Thursday, March 15, 2012

Fending off Shadows Cast by Cancer


In the chill of a recent winter morning, a friend of mine clutched at fragments of courage and will power as she stepped onto a path she knew and dreaded. Eleven years ago, we met on this path, linked by a diagnosis of breast cancer. In circles of women haunted by cells grown into menacing masses we shared apprehensions and side-effects. Year by year, we met to celebrate one year, then two, until we rejoiced at ten years of survival.

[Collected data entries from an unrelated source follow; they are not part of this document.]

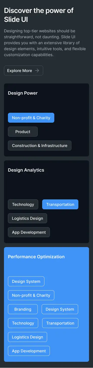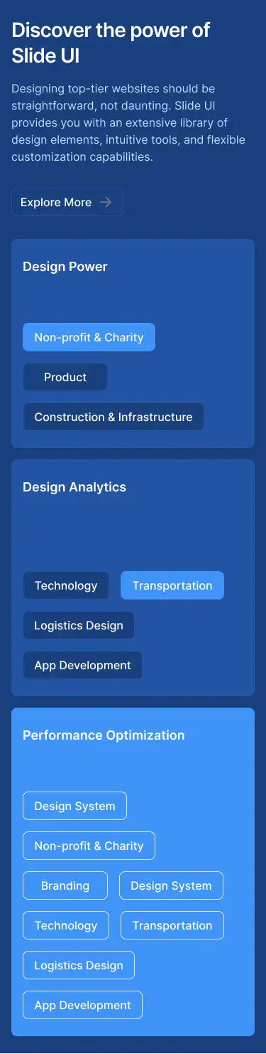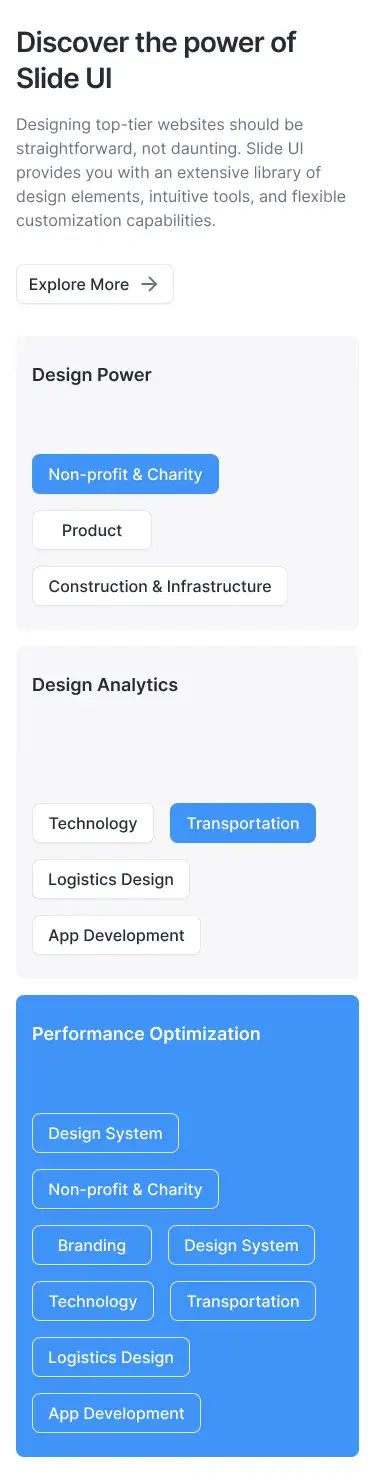 Lightweight sections for storytelling, intros, or visual breaks. Ideal for portfolios, agencies, and SaaS.
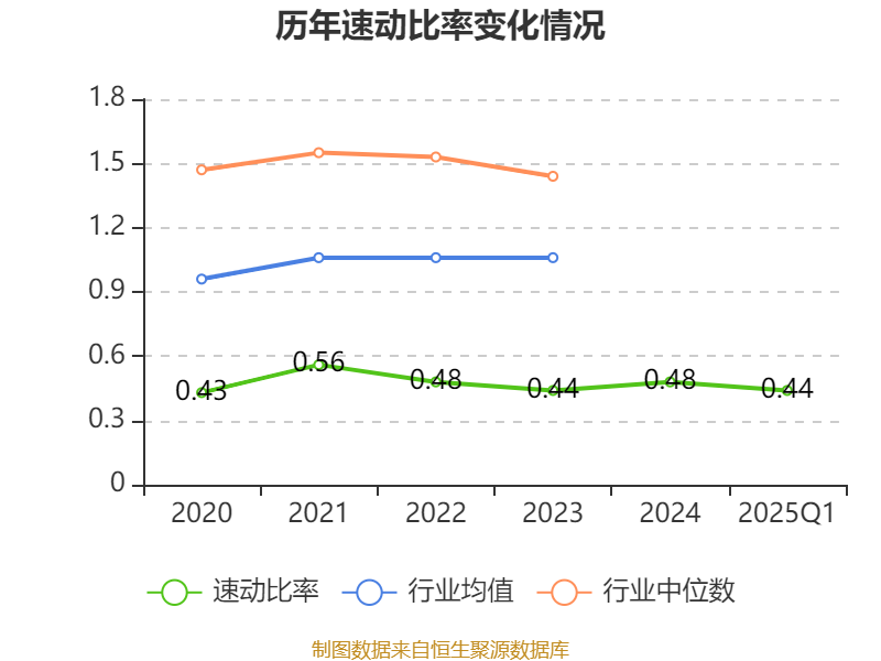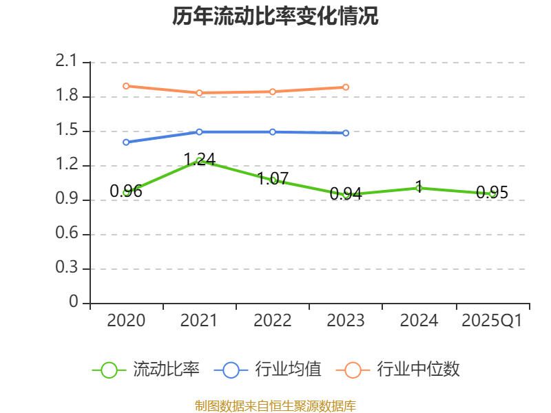 2025年第一季度,公司流动比率为0.95,速动比率为0.44。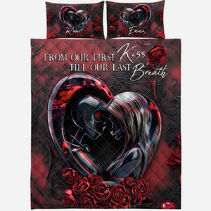 From Our First Kiss Till Our Last Breath Personalized Bed Set, Custom Name Quilt Set, Couple Anniversary Gift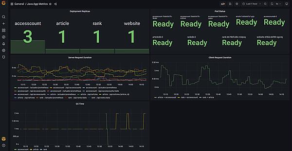 こうして、アプリケーション固有のメトリクスとKubernetesリソースのメトリクスを同時にPrometheusで扱えるようになりました。特にオートスケールするようなアプリケーションの場合、Deploymentリソースのレプリカ数やPodのステータスなどはアプリケーションメトリクスと合わせて表示しておきたいところです。ということで、可視化ツールのGrafanaを利用してダッシュボードで表示してみましょう。図ではDeploymentリソースのレプリカ数、Podのコンディション、リクエストのDurationとガベージコレクションの所要時間を1枚のダッシュボードにサマリしています。ちなみに、このGrafanaもHelmでインストールできます。

Safety seemed ours. Life returned to “normal.”

Now, I’m feeling the sharp jerk of a choke chain that breaks such arcs of optimism. A new lump, a new threat, a new form of breast cancer, is dragging her back to the vials and tubes of chemotherapy. It is redefining “normal” for both of us.
No Safety in "Normal"

Cancer Walk April 2002
If this can happen to her, it can happen to me. The shadow that had almost dispersed hovers too close once more. It reminds me that “normal” life holds no safety from this menace. At eleven years out from treatment my risk of cancer has not disappeared. It’s the same as that of any “normal” American woman.

I wonder if part of what I am feeling is the horror and grief and helplessness experienced by a spouse, a parent, a lover, a child, who weathers the assault of cancer with a loved one. Yes, this triggers my own fears—no escaping that connection. But I grieve as well for a friend and companion on the survivors’ journey, now felled a second time by cancer. I grieve for my own loss of comfort.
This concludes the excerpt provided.